Aninsman Receives Law Enforcement Officer of the Year Award
The Pennsylvania police officer has focused on the plight of veterans with PTSD who run afoul of the law
CHARLOTTE, N.C.--(BUSINESS WIRE)--Andrew Aninsman, of the Bensalem Township Police Department in Bucks County, Pa., received The American Legion’s National Law Enforcement Officer of the Year Award on Aug. 27 at its 96th annual national convention in Charlotte, N.C.
“Many of those calls involved responding to the needs and fears of persons dealing with a Veteran suffering with some form of PTSD”
The detective sergeant has served more than 25 years in law enforcement with three police departments in Pennsylvania. Currently, he is a hostage negotiator and supervises the department’s Special Victims Unit.
Knowles—Doyle Post 317 in Bensalem nominated Aninsman for the award. The post adjutant, Robert Craven, wrote in his nominating letter that the law enforcement officer has shown “continued interest in mental-health awareness and training, specifically regarding the Veteran community. (He) began in earnest, concentrating on the plight of Veterans who come into contact with law enforcement officials for any number of reasons on a professional basis.”
Since 2009, Aninsman has helped lead the development and implementation of Bucks County crisis intervention training and has been invited to speak at several conferences across the state about post-traumatic stress disorder (PTSD) and associated crisis intervention training (CIT) involving veterans.
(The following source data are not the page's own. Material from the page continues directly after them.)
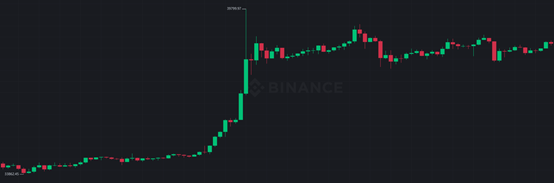 - On the bottom of the chart, the grey areas represent BTC's trading volume.
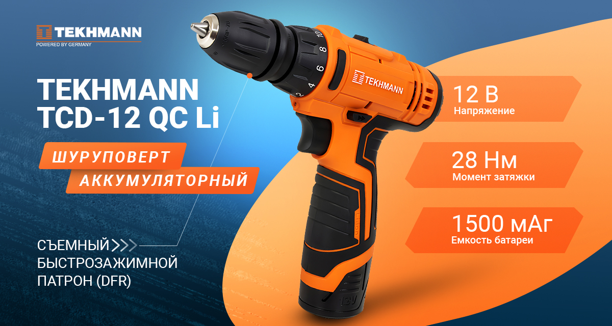Доставка Шуруповерт Tekhmann TCD-12 QC Li с 1 АКБ (853461)
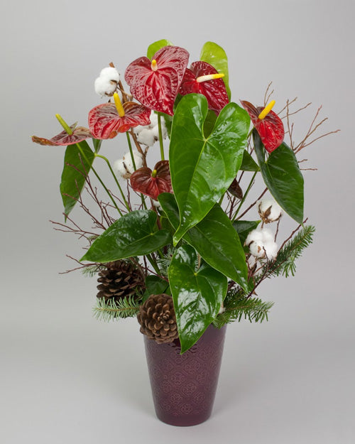 Make a bold and sophisticated statement this season with our Holiday Anthurium planter. Celebrated for their glossy, heart-shaped blooms and extraordinary longevity, anthuriums bring a sculptural, contemporary elegance to holiday decor. This arrangement showcases their stunning beauty in a festive setting, offering a refreshingly modern alternative to traditional Christmas flowers.
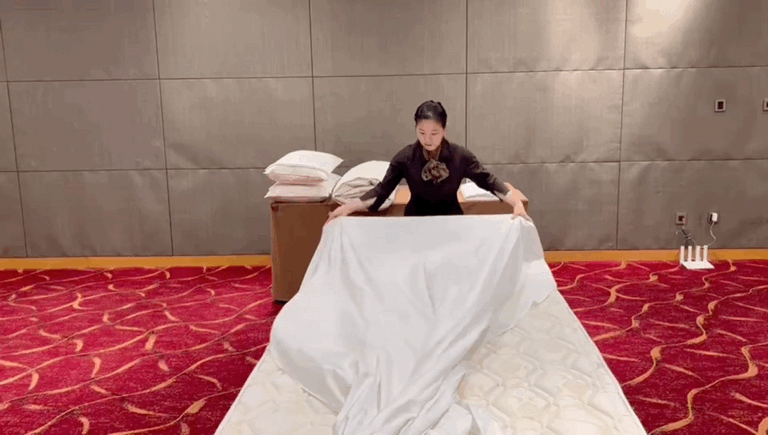 “臨近比賽,晚上做夢時自己都在鋪床?!彼鞣铺劂y座大飯店客房部樓層主管張后英笑著說道。在中式鋪床賽場上的她鋪床動作干脆利落,操作過程敏捷,每一步操作都嫻熟規(guī)范,榮譽的背后離不開日復(fù)一日的練習和團隊的支持。
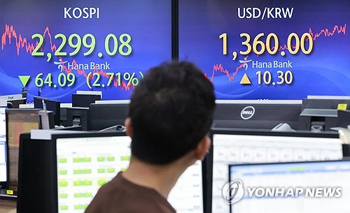 이날 코스피는 전날보다 64.09포인트(2.71%) 하락한 2,299.08로 거래를 마쳤다. 2,300선 아래로 내려선 건 지난 1월 6일(당시 종가 2,289.97) 이후 약 10개월 만이다.
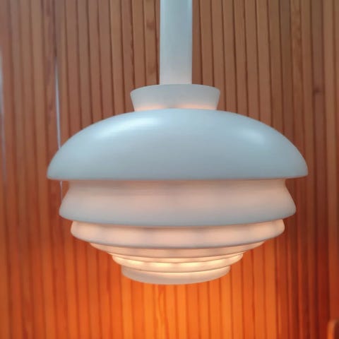 Artek A810 lattiavalaisin, valmistaja Valaistustyö, suunnittelija Alvar Aalto. Valaisimessa on messinkinen jalka, mustalla nahalla, sekä valkoiset varjostimet. Valaisimessa on iän mukaista kulumaa.
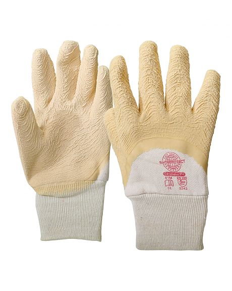 Материал: джерси-100% хлопок, покрытие ладони и пальцев: тяжелое рельефное из 100% латекса. Манжет: трикотажный. Уникальное рельефное покрытие обеспечивает прочный захват различных поверхностей. Надежная защита от проколов и порезов. Водостойкость. Частичное покрытие на тыльной стороне позволяет руке дышать.
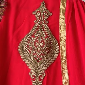 Salwar Kameez Pink Fuschia Indian Gold Embroidered Parallel with Tunic
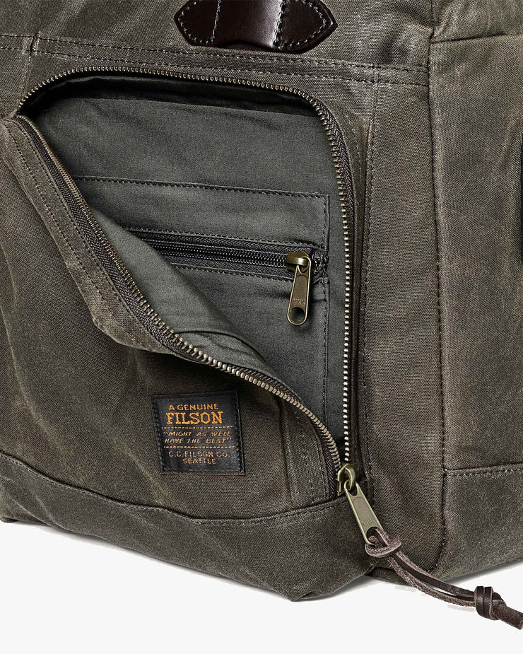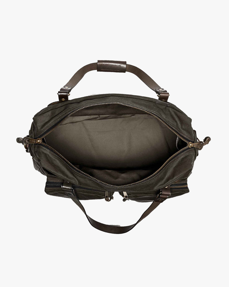 The 48-Hour Tin Cloth Duffle Bag is designed for overnight and weekend trips, built from durable oil finish Tin Cloth that sheds rain and snow to keep your gear dry. It features a reinforced base for added structure, exterior pockets for convenience, and a dry finish Cover Cloth lining. The bag includes an adjustable, removable cotton webbing shoulder strap for shoulder or cross-body carry, along with vegetable-tanned Bridle Leather handles and a trolley strap for use with rolling luggage.

“On multiple occasions last year,” Craven wrote in his letter, “the Bensalem CIT was called upon to ‘talk down’ armed individuals who were intent upon committing suicide…. The Team, under Sgt. Aninsman’s leadership, has been completely successful in these high-intensity cases.”
Aninsman is also co-chair of the Bucks County CIT and oversees the handling of all mental-health calls to the police department (more than 500 such calls in 2013). “Many of those calls involved responding to the needs and fears of persons dealing with a Veteran suffering with some form of PTSD,” Craven wrote.
The police department’s website, Facebook and Twitter accounts, and its anonymous “Tip Line” have all been developed by Aninsman. He has assisted with fundraisers for children in need, and for families of fallen heroes.
Aninsman visits local schools and organizations and provides instruction concerning cyber-bullying and the social media. He also implemented the Drug Abuse Resistance Education (DARE) program in the Bristol Borough School District.